The pectus bar is selected and prepared as previously described (see Preprocedural Planning).

Placement of incisions and creation of skin tunnel

A transverse 2-cm skin incision is made on each side of the chest in the midaxillary line at the level of the skin marks in line with the deepest point of the depression of the sternum.

A skin tunnel is raised anteriorly from both incisions to the top of the pectus ridge at the previously selected intercostal space; the skin pocket is extended posteriorly to allow the distal end of the pectus bar to hug the chest wall posterior to the midaxillary line.

Insertion of thoracoscope

A 5-mm thoracoscope is inserted at this point. The authors recommend placement of a 5-mm blunt trocar one or two intercostal spaces below the space chosen for the pectus bar on the patient's right side. A 30° 5-mm thoracoscope provides excellent visualization of the pleural cavity, lung, and mediastinal structures. If necessary, the scope can be used bilaterally. Insufflating the pleural cavity with carbon dioxide is rarely necessary; in most cases, controlled ventilation by the anesthesiologist with small tidal volumes results in limited lung expansion and good thoracoscopic visualization of vital structures.

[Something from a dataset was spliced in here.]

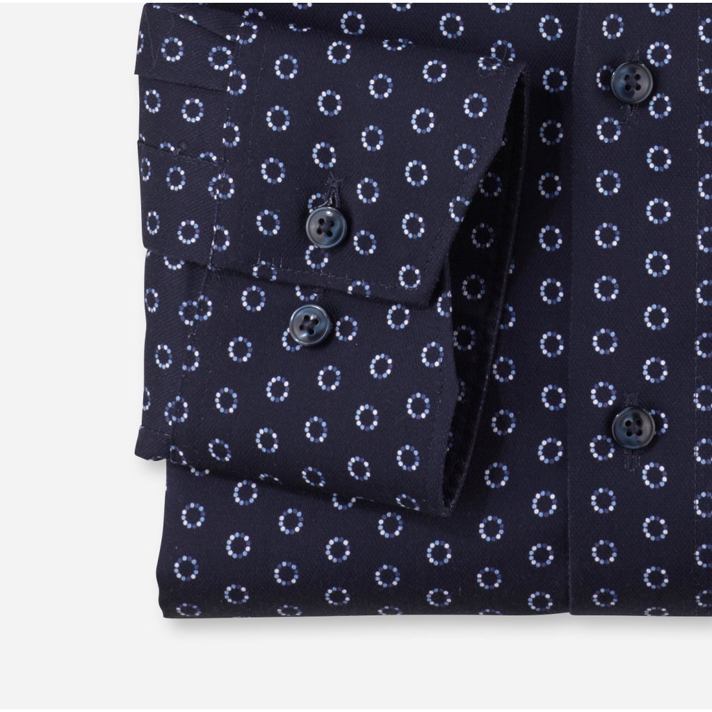 Táto elegantná tmavomodrá košeľa OLYMP Luxor Modern fit je základným kúskom v šatníku každého muža. Čistý dizajn, moderný strih a nekrčivý materiál zaručia, že budete vyzerať skvele bez zbytočnej námahy.

Insertion of pectus introducer

The skin incisions are elevated with a thin but deep retractor, and the intercostal space previously marked is identified. An S-shaped device known as the pectus introducer is inserted through the appropriate right intercostal space at the top of the pectus ridge (usually at the level of the midclavicular line), in line with the point that corresponds to the deepest depression of the sternum (previously marked).

The introducer is slowly advanced across the anterior mediastinal space immediately under the sternum with careful videoscopic guidance. It is important always to direct the point of the instrument anteriorly (away from the heart) and to maintain contact with the sternum so as to avoid injury to mediastinal structures.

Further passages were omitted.